She smiled conspiratorily and leaned in close again. "Sounds like there's a 'but' in the next sentence, my friend?"

"But. Yeah. But what's your motivation? You don't know me and I just told you a story that must sound crazy." He tied the rawhide cord around his neck so that the Stetson hung at his shoulder blades. "Most folks look at me as if I got two heads when I mention who I am."

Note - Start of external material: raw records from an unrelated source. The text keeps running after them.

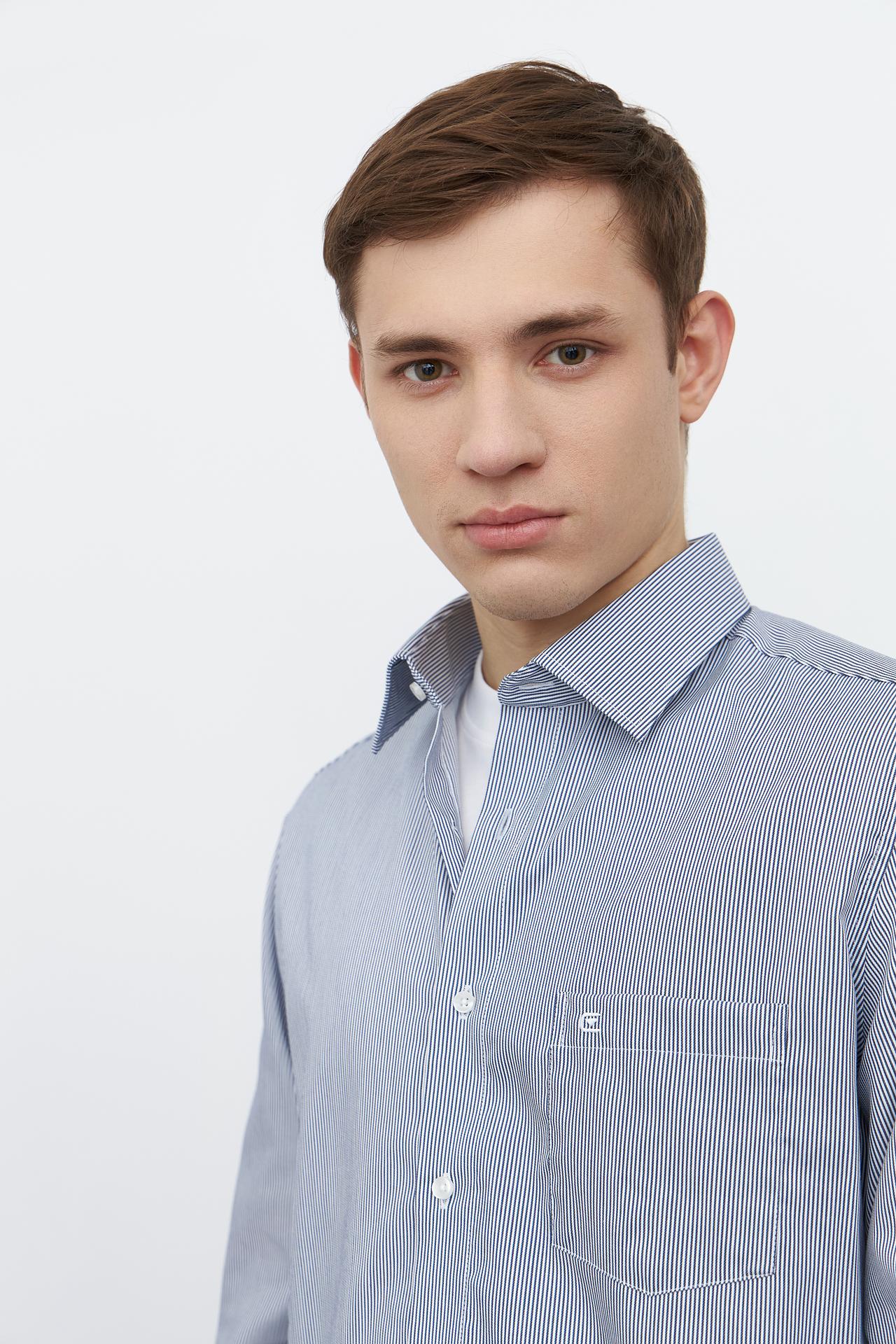 Рубашка Casa Moda синяя в полоску с карманом и логотипом
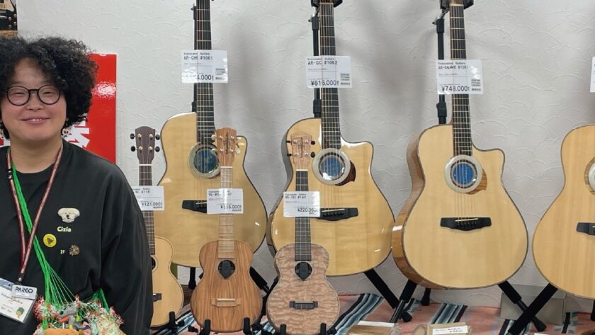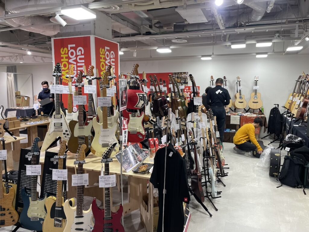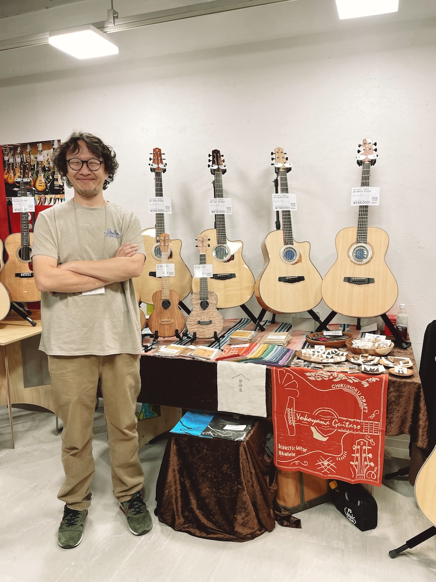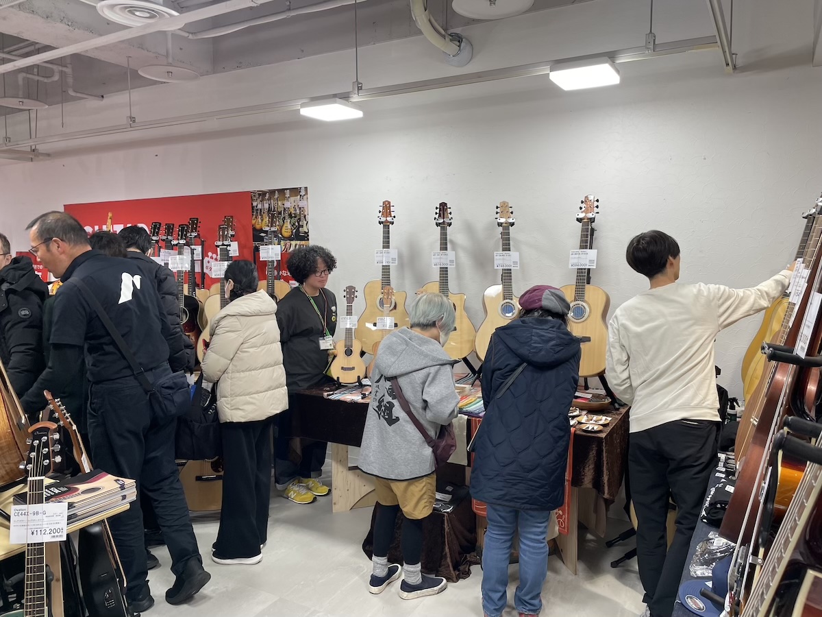 今回はギター&ウクレレ、アクセサリーとブースサイズに置けるだけの楽器を準備しました。
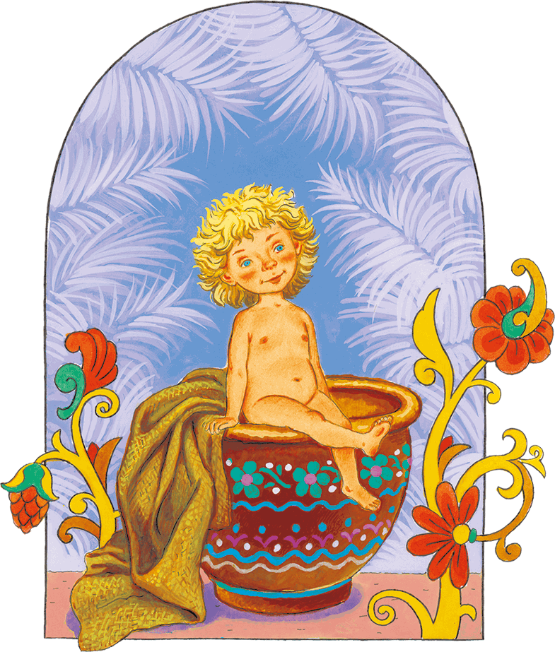 Однако старик принёс комочек снегу в избу, положил в горшочек, накрыл ветошкой и поставил на окошко. Взошло солнышко, пригрело горшочек, и снег стал таять. Вот и слышат старики – пищит что-то в горшочке под ветошкой; они к окну – глядь, а в горшочке лежит девочка, беленькая, как снежок, и кругленькая, как комок, и говорит им:

"It's time to tell you more," she said. "Johnny, I've written some articles for newspapers and one published book about the Midnight War. It's always been a interest of mine. Right now, I have enough notes and interviews to work up a second full-size book for my publisher. When I saw you walk into that bar, my heart damn near stopped at the odds against meeting you. See, I want to know more about the Preincarnators."

Half in shadow, sitting away from the light from the open door of the honkytonk, Johnny Packard laughed out loud. "I didn't calculate it were my boyish good looks that caught your eye, ma'am. All righty. The Preincarnators are a bad bunch. They practice Black Magic of the worst sort, they can somehow draw the soul of a man or woman from hunnerds of years ago and bring it into the body of a living person. Afore you can blink, the modern person gets so he looks just like the oldtime person down to every freckle and scar... and the mind of the oldtime person takes over."

She tried to see his expression, but his face was in shadow. "That's amazing. I mean, I've read about the Preincarnators but I've never met one before."

"I ain't one of that gang!" he snapped. "I broke away from them straight off. Been riding my own trail ever since."

"What did it feel like? Can you remember your earlier life at all? The historical information you know would be so significant. You could clear up so many questions."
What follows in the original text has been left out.